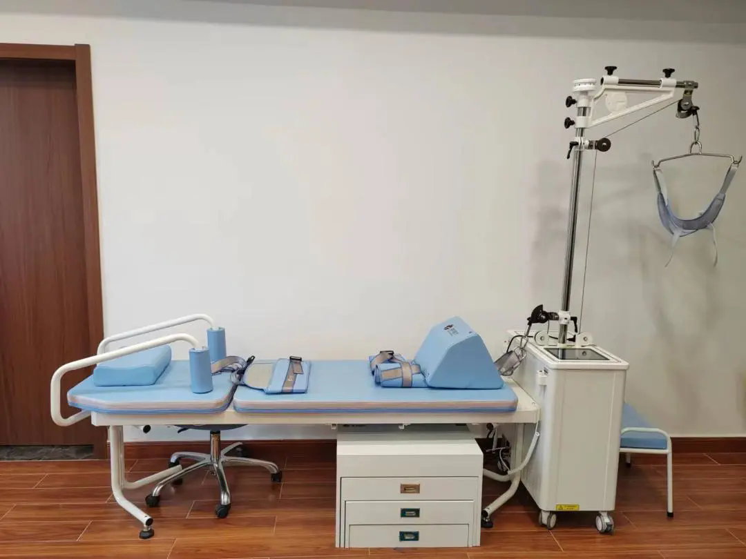 中医和康复科新增并已投入使用了许多高精尖仪器设备:颈腰牵引床、立体动态干扰电治疗仪、红外光灸疗机等
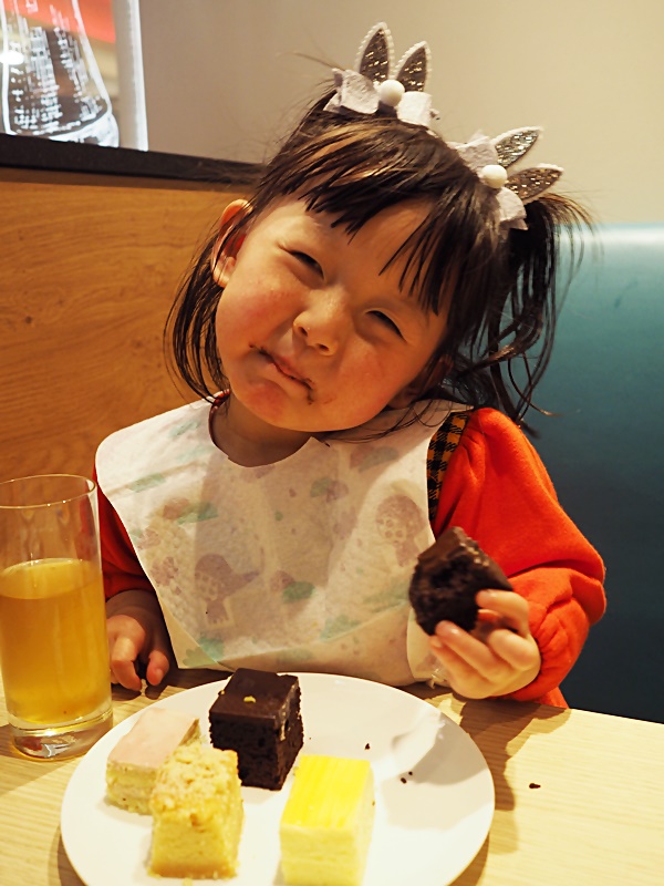 我們在房間稍作小休, QB已急不及待把帶來的朋友仔全數放到床上...還開心的跟她們"傾計"呢XDD..對於這張小床, 她相當滿意, 還是我們三催四請下才願意下床去晚飯. 十分喜歡Hea的小朋友, 請她來郵輪玩真的是很正確的決定呢~
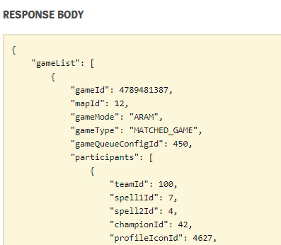적절하게 API 키를 발급 받았다면 원하는 기능인 게임 알림 봇을 위해 API를 찾는다. API의 구조는 어느 공공 API를 사용하는 것과 같다. Request Header에 필요한 API-KEY와 필요한 정보를 채운 후 원하는 리소스가 있는 주소에 요청을 하면 반환값으로 데이터를 전달받을 수 있다. 데이터가 적절하게 넘어왔는지는 HTTP 상태 코드를 통해 확인할 수 있다. 응답은 모두 json 포맷으로 받을 수 있고 사용자가 파싱하여 원하는 데이터를 가져다가 쓰면 된다.
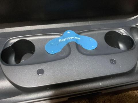 充電ケースを開けると本体とご対面です。マイクは外されて収納されています。なお、本来はケースに収納した時点で充電が開始されますが、出荷時点では充電端子部に絶縁シールが貼付されていますので、これを剥がした上でイヤフォンを収納すると充電が開始されます。
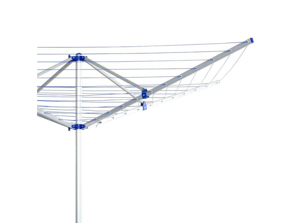 Ez a forgó ruhaszárító összesen 50 méter szárítófelületet kínál, amely elegendő egy nagyobb háztartás napi mosásához is.
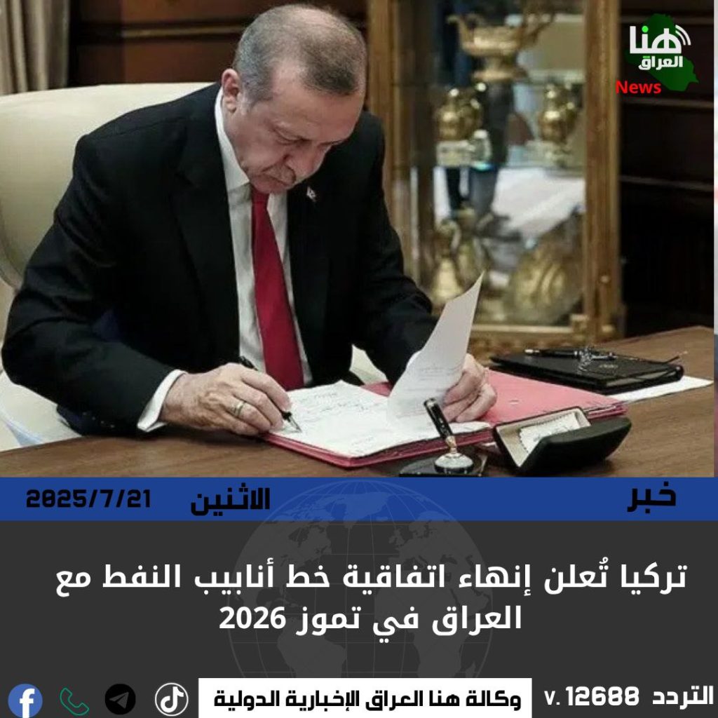 أعلنت وسائل إعلام تركية أن الرئيس رجب طيب أردوغان وقّع قراراً رسمياً بإنهاء اتفاق خط أنابيب النفط مع العراق المبرم منذ عام 1973، على أن يدخل القرار حيّز التنفيذ في 27 تموز 2026، ما يضع حداً لاتفاق استمر لأكثر من نصف قرن بين البلدين.
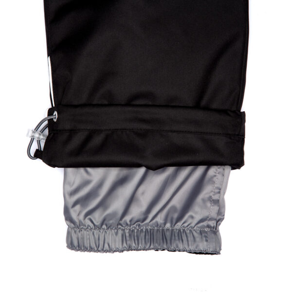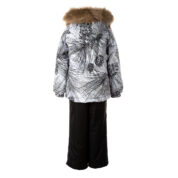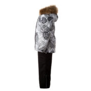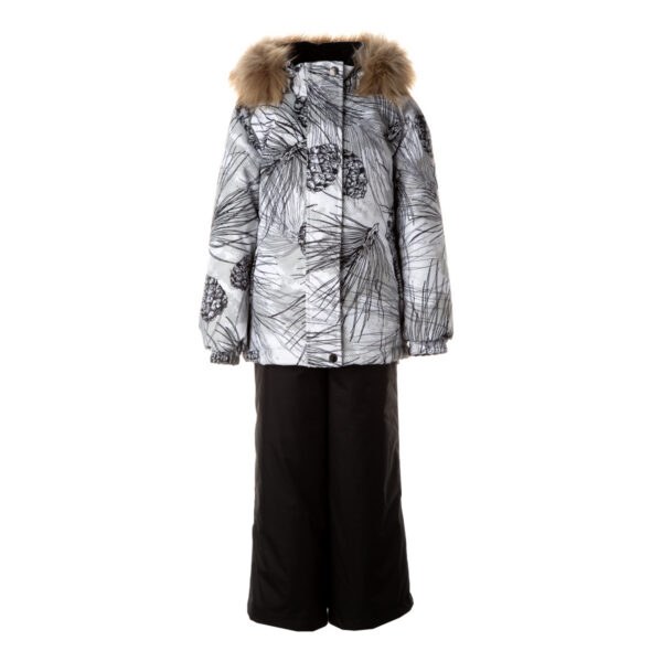 Children’s jacket and pants set. Waterproof and windproof, breathable top fabric. Soft mesh lining on the inside of the jacket and pants. Integrated elastic band at sleeve ends and on the waist. Removable snap-on hood Faux fur trim on hood. The bib pants have elastic adjustable braces. Integrated elastic band on waist. Drawstring tunnel with stoppers at leg ends. Waterproof taped seams. The pants have no inner leg seam. Reflective elements on both jacket and pants.
......
Exercise goal:
In the entries above, find the line that contains "還是我們三催四請下才願意下床去晚飯. 十分喜歡Hea的小朋友, 請她來郵輪玩真的是很正確的決定呢~" and the line that contains "Ez a forgó ruhaszárító". Reproduce exactly those two lines and every line between them, but not the pictures.

Problem solution:
 我們在房間稍作小休, QB已急不及待把帶來的朋友仔全數放到床上...還開心的跟她們"傾計"呢XDD..對於這張小床, 她相當滿意, 還是我們三催四請下才願意下床去晚飯. 十分喜歡Hea的小朋友, 請她來郵輪玩真的是很正確的決定呢~
적절하게 API 키를 발급 받았다면 원하는 기능인 게임 알림 봇을 위해 API를 찾는다. API의 구조는 어느 공공 API를 사용하는 것과 같다. Request Header에 필요한 API-KEY와 필요한 정보를 채운 후 원하는 리소스가 있는 주소에 요청을 하면 반환값으로 데이터를 전달받을 수 있다. 데이터가 적절하게 넘어왔는지는 HTTP 상태 코드를 통해 확인할 수 있다. 응답은 모두 json 포맷으로 받을 수 있고 사용자가 파싱하여 원하는 데이터를 가져다가 쓰면 된다.
 充電ケースを開けると本体とご対面です。マイクは外されて収納されています。なお、本来はケースに収納した時点で充電が開始されますが、出荷時点では充電端子部に絶縁シールが貼付されていますので、これを剥がした上でイヤフォンを収納すると充電が開始されます。
 Ez a forgó ruhaszárító összesen 50 méter szárítófelületet kínál, amely elegendő egy nagyobb háztartás napi mosásához is.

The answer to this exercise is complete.